(Information supplied Opens)
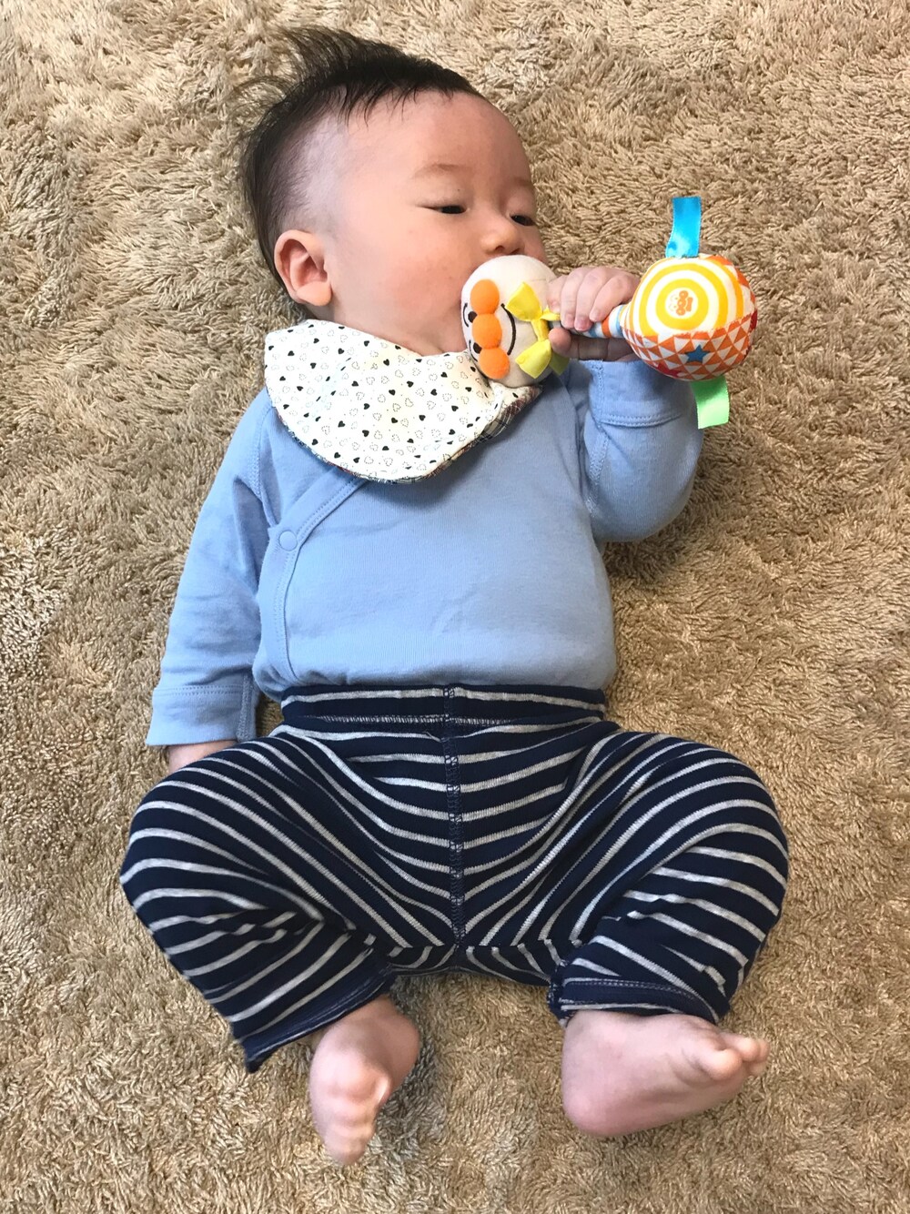 アンパンマンをパクっ😄♫ 持てるようになった👍 昨日と同じようなコーデになってしまった💦
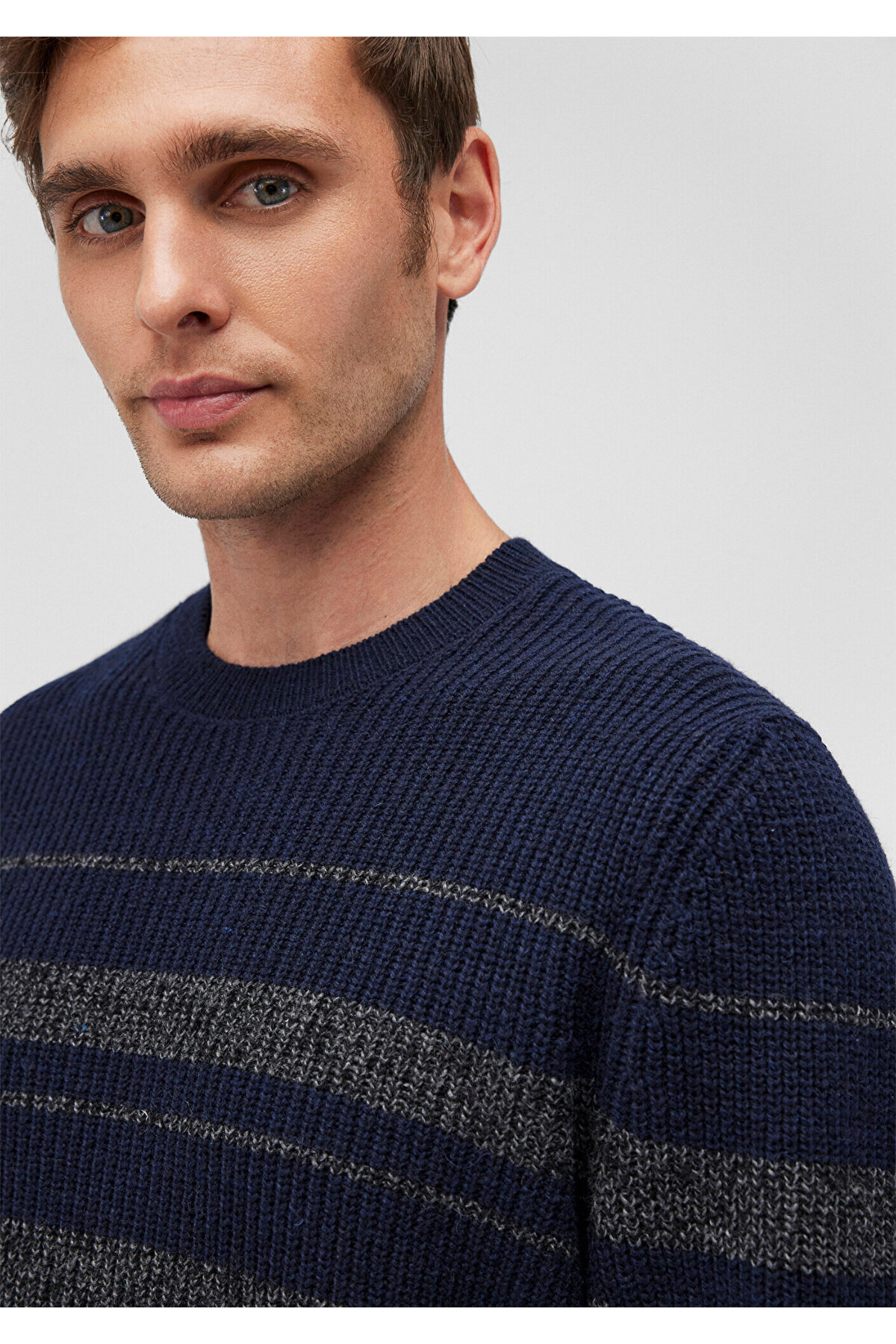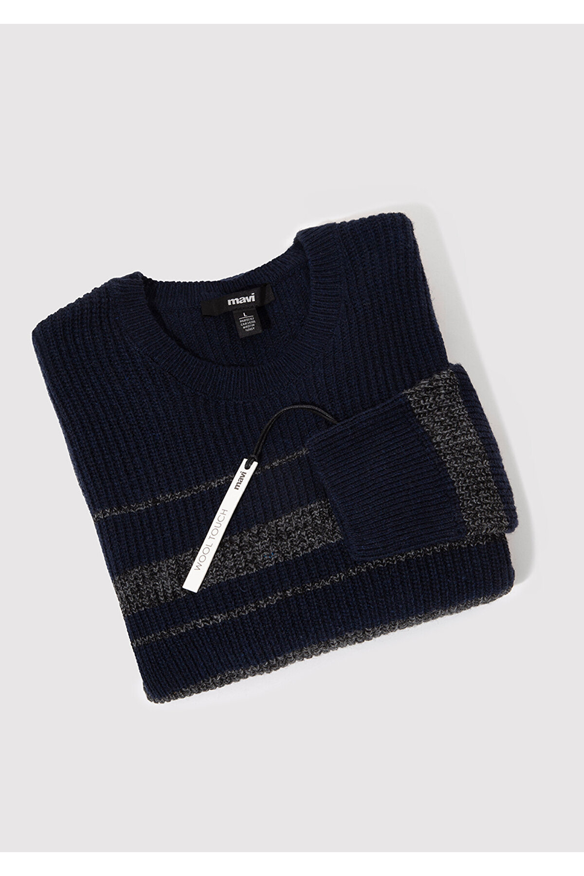 خرید اینترنتی ژاکت پشمی راه راه سرمه‌ای، فیت باریک / برش باریک، 0710209-70490 برند ماوی Mavi از فروشگاه ایران یو اس پولو
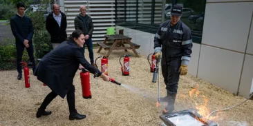 Une deuxième partie pratique où les participants utilisent les moyens de lutte sur un départ de feu (réel ou simulé selon les possibilités offertes par l’établissement).
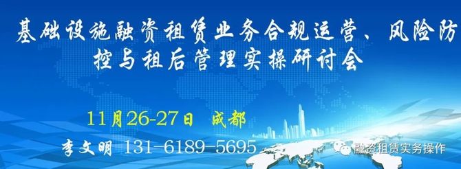 11月26日-27日举办“基础设施融资租赁业务合规运营、风险防控与租后管理实务操作专题研讨会”
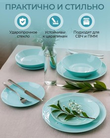 Вся посуда выполнена из ударопрочного закалённого стекла, устойчивого к перепадам температур, ударам и ежедневной эксплуатации. Стекло не впитывает запахи, быстро моется и сохраняет первоначальный внешний вид даже спустя годы. Благодаря гладкой поверхности блюда выглядят эстетично, а использование сервиза становится особенно приятным.
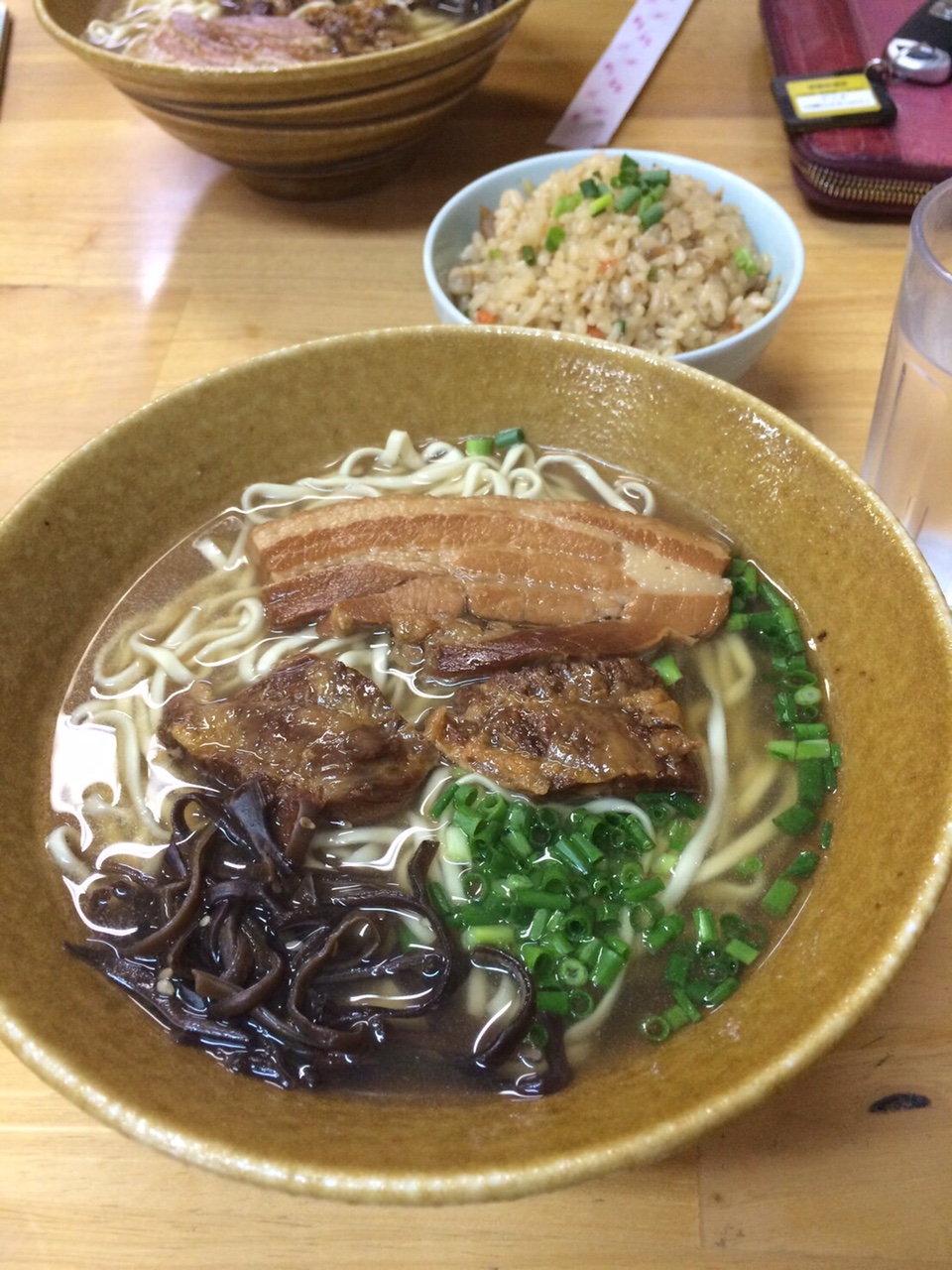■お勧めコメントスープは薄味だけどしっかりとコクのある味!トッピングの三枚肉と軟骨ソーキは、どちらも柔らかく、味付けも濃すぎず、薄すぎず、麺、スープとバランス最高♪また沖縄そばには珍しいキクラゲも入ってます!
(Information supplied Closes)
The material should be returned verbatim, with all images omitted.

• Result of the task:
 アンパンマンをパクっ😄♫ 持てるようになった👍 昨日と同じようなコーデになってしまった💦
 خرید اینترنتی ژاکت پشمی راه راه سرمه‌ای، فیت باریک / برش باریک، 0710209-70490 برند ماوی Mavi از فروشگاه ایران یو اس پولو
 Une deuxième partie pratique où les participants utilisent les moyens de lutte sur un départ de feu (réel ou simulé selon les possibilités offertes par l’établissement).
 11月26日-27日举办“基础设施融资租赁业务合规运营、风险防控与租后管理实务操作专题研讨会”
 Вся посуда выполнена из ударопрочного закалённого стекла, устойчивого к перепадам температур, ударам и ежедневной эксплуатации. Стекло не впитывает запахи, быстро моется и сохраняет первоначальный внешний вид даже спустя годы. Благодаря гладкой поверхности блюда выглядят эстетично, а использование сервиза становится особенно приятным.
■お勧めコメントスープは薄味だけどしっかりとコクのある味!トッピングの三枚肉と軟骨ソーキは、どちらも柔らかく、味付けも濃すぎず、薄すぎず、麺、スープとバランス最高♪また沖縄そばには珍しいキクラゲも入ってます!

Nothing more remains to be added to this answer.